** Opening Given entries block **

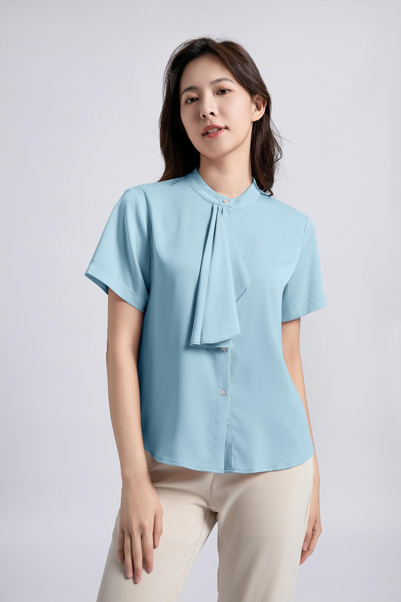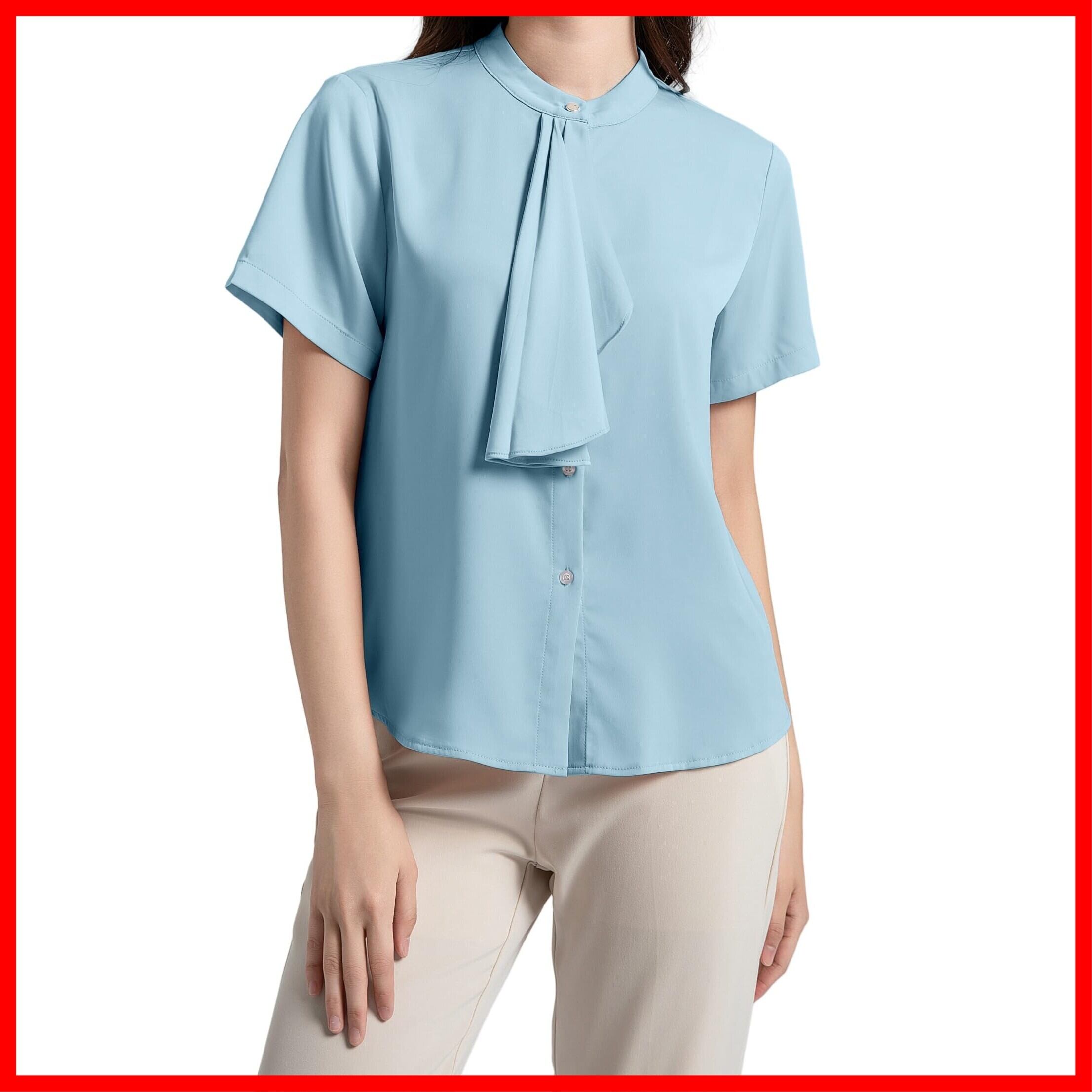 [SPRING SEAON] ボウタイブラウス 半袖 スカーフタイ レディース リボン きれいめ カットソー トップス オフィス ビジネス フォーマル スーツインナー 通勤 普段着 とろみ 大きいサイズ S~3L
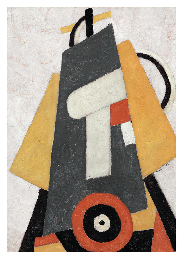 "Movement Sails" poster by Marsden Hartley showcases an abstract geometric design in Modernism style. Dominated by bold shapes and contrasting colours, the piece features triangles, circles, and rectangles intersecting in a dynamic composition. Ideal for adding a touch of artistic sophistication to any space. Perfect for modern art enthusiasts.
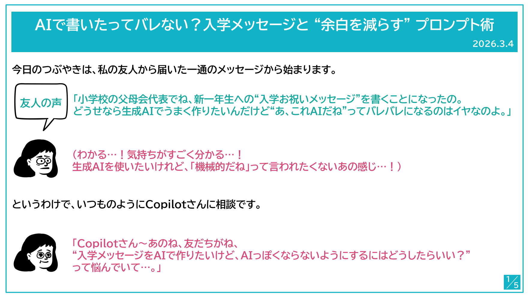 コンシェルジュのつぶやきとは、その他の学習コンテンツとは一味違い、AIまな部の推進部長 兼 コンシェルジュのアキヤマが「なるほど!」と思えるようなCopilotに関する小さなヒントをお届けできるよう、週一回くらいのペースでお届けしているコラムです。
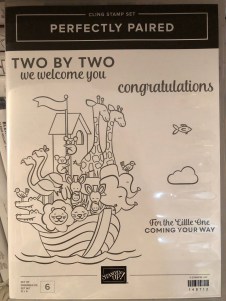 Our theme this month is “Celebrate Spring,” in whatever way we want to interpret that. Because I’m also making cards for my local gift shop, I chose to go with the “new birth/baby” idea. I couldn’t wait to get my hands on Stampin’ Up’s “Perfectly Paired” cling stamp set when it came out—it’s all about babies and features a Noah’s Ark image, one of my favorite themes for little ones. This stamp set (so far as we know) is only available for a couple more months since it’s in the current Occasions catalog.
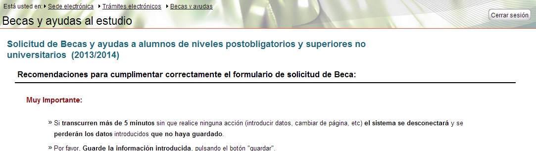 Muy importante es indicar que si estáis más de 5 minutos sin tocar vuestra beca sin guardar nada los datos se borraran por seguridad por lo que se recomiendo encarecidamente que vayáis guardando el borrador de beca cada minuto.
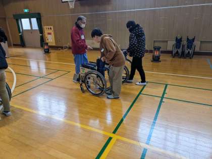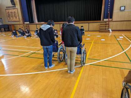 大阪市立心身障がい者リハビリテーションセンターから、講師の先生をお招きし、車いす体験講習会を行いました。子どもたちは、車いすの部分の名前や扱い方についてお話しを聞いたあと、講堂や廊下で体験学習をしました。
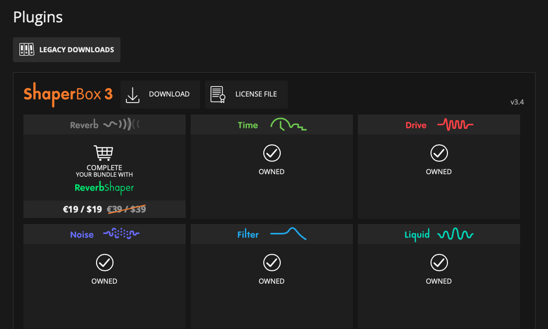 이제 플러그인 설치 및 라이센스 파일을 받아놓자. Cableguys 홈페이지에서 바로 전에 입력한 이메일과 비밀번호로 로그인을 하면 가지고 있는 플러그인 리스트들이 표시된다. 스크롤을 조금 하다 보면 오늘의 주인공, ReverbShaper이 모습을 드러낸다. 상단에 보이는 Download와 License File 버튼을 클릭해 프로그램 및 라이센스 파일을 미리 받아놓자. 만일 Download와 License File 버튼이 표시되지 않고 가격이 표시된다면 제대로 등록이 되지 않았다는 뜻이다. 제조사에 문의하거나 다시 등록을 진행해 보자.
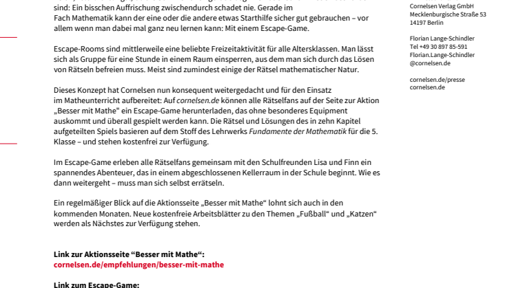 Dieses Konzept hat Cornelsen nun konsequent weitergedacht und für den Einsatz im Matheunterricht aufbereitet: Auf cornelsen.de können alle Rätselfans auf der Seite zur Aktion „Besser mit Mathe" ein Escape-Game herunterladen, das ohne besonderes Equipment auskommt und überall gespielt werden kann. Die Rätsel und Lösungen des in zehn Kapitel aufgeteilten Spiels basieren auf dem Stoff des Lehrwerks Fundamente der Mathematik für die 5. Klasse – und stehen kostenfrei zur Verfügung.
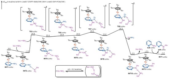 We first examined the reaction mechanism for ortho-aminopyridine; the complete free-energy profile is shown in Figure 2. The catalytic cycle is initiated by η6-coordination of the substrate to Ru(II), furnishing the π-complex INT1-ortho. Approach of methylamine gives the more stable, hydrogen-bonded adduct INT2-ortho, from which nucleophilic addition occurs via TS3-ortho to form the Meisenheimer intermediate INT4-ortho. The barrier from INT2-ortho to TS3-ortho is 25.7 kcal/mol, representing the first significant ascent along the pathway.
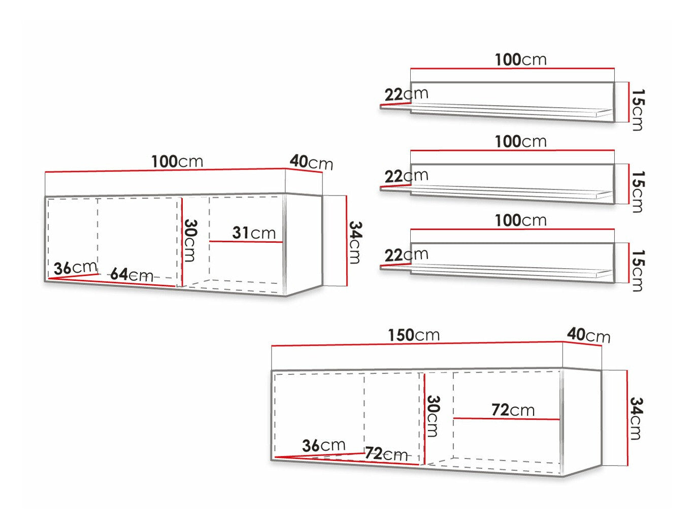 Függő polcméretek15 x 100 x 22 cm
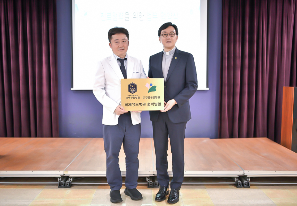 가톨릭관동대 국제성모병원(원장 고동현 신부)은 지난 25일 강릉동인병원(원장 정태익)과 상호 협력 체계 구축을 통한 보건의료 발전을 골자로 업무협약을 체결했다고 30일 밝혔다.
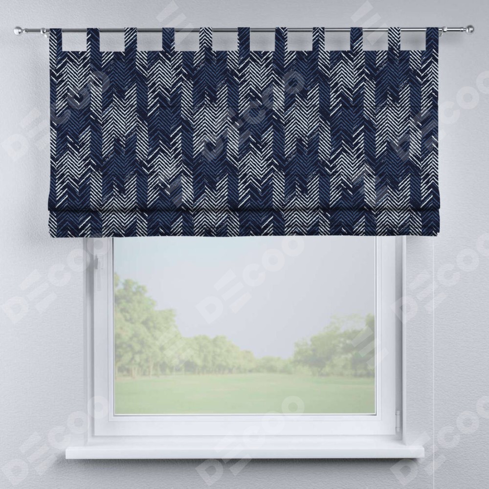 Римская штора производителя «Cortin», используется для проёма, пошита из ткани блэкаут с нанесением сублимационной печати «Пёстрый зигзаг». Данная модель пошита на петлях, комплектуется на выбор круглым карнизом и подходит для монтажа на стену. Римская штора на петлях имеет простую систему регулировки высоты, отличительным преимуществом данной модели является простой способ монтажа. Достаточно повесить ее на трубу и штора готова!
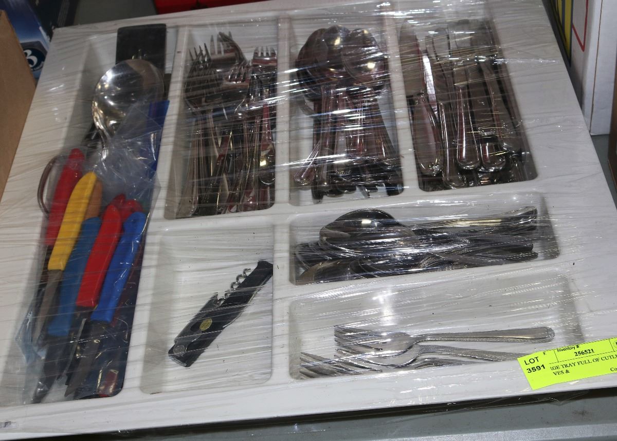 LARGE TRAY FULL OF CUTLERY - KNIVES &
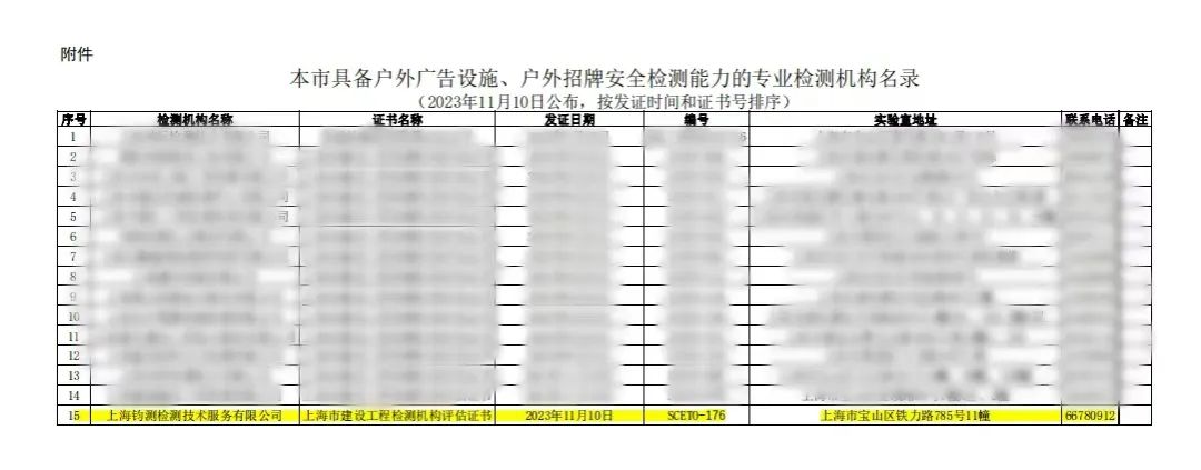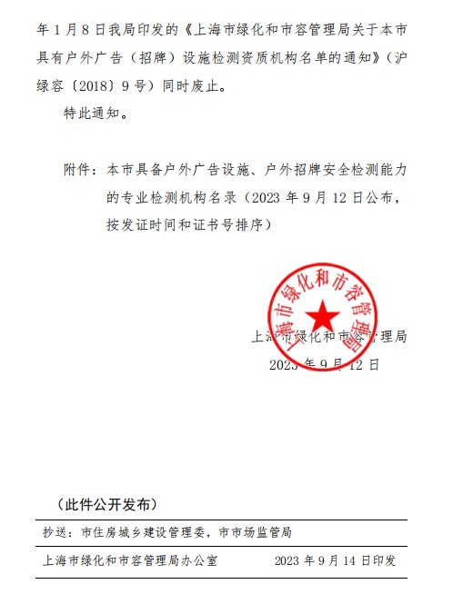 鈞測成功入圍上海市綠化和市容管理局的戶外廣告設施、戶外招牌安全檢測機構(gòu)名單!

** Closing Given entries block **

### What you have to do
Would you copy each line above exactly as given, dropping any images?

### Written answer
 [SPRING SEAON] ボウタイブラウス 半袖 スカーフタイ レディース リボン きれいめ カットソー トップス オフィス ビジネス フォーマル スーツインナー 通勤 普段着 とろみ 大きいサイズ S~3L
 "Movement Sails" poster by Marsden Hartley showcases an abstract geometric design in Modernism style. Dominated by bold shapes and contrasting colours, the piece features triangles, circles, and rectangles intersecting in a dynamic composition. Ideal for adding a touch of artistic sophistication to any space. Perfect for modern art enthusiasts.
 コンシェルジュのつぶやきとは、その他の学習コンテンツとは一味違い、AIまな部の推進部長 兼 コンシェルジュのアキヤマが「なるほど!」と思えるようなCopilotに関する小さなヒントをお届けできるよう、週一回くらいのペースでお届けしているコラムです。
 Our theme this month is “Celebrate Spring,” in whatever way we want to interpret that. Because I’m also making cards for my local gift shop, I chose to go with the “new birth/baby” idea. I couldn’t wait to get my hands on Stampin’ Up’s “Perfectly Paired” cling stamp set when it came out—it’s all about babies and features a Noah’s Ark image, one of my favorite themes for little ones. This stamp set (so far as we know) is only available for a couple more months since it’s in the current Occasions catalog.
 Muy importante es indicar que si estáis más de 5 minutos sin tocar vuestra beca sin guardar nada los datos se borraran por seguridad por lo que se recomiendo encarecidamente que vayáis guardando el borrador de beca cada minuto.
 大阪市立心身障がい者リハビリテーションセンターから、講師の先生をお招きし、車いす体験講習会を行いました。子どもたちは、車いすの部分の名前や扱い方についてお話しを聞いたあと、講堂や廊下で体験学習をしました。
 이제 플러그인 설치 및 라이센스 파일을 받아놓자. Cableguys 홈페이지에서 바로 전에 입력한 이메일과 비밀번호로 로그인을 하면 가지고 있는 플러그인 리스트들이 표시된다. 스크롤을 조금 하다 보면 오늘의 주인공, ReverbShaper이 모습을 드러낸다. 상단에 보이는 Download와 License File 버튼을 클릭해 프로그램 및 라이센스 파일을 미리 받아놓자. 만일 Download와 License File 버튼이 표시되지 않고 가격이 표시된다면 제대로 등록이 되지 않았다는 뜻이다. 제조사에 문의하거나 다시 등록을 진행해 보자.
 Dieses Konzept hat Cornelsen nun konsequent weitergedacht und für den Einsatz im Matheunterricht aufbereitet: Auf cornelsen.de können alle Rätselfans auf der Seite zur Aktion „Besser mit Mathe" ein Escape-Game herunterladen, das ohne besonderes Equipment auskommt und überall gespielt werden kann. Die Rätsel und Lösungen des in zehn Kapitel aufgeteilten Spiels basieren auf dem Stoff des Lehrwerks Fundamente der Mathematik für die 5. Klasse – und stehen kostenfrei zur Verfügung.
 We first examined the reaction mechanism for ortho-aminopyridine; the complete free-energy profile is shown in Figure 2. The catalytic cycle is initiated by η6-coordination of the substrate to Ru(II), furnishing the π-complex INT1-ortho. Approach of methylamine gives the more stable, hydrogen-bonded adduct INT2-ortho, from which nucleophilic addition occurs via TS3-ortho to form the Meisenheimer intermediate INT4-ortho. The barrier from INT2-ortho to TS3-ortho is 25.7 kcal/mol, representing the first significant ascent along the pathway.
 Függő polcméretek15 x 100 x 22 cm
 가톨릭관동대 국제성모병원(원장 고동현 신부)은 지난 25일 강릉동인병원(원장 정태익)과 상호 협력 체계 구축을 통한 보건의료 발전을 골자로 업무협약을 체결했다고 30일 밝혔다.
 Римская штора производителя «Cortin», используется для проёма, пошита из ткани блэкаут с нанесением сублимационной печати «Пёстрый зигзаг». Данная модель пошита на петлях, комплектуется на выбор круглым карнизом и подходит для монтажа на стену. Римская штора на петлях имеет простую систему регулировки высоты, отличительным преимуществом данной модели является простой способ монтажа. Достаточно повесить ее на трубу и штора готова!
 LARGE TRAY FULL OF CUTLERY - KNIVES &
 鈞測成功入圍上海市綠化和市容管理局的戶外廣告設施、戶外招牌安全檢測機構(gòu)名單!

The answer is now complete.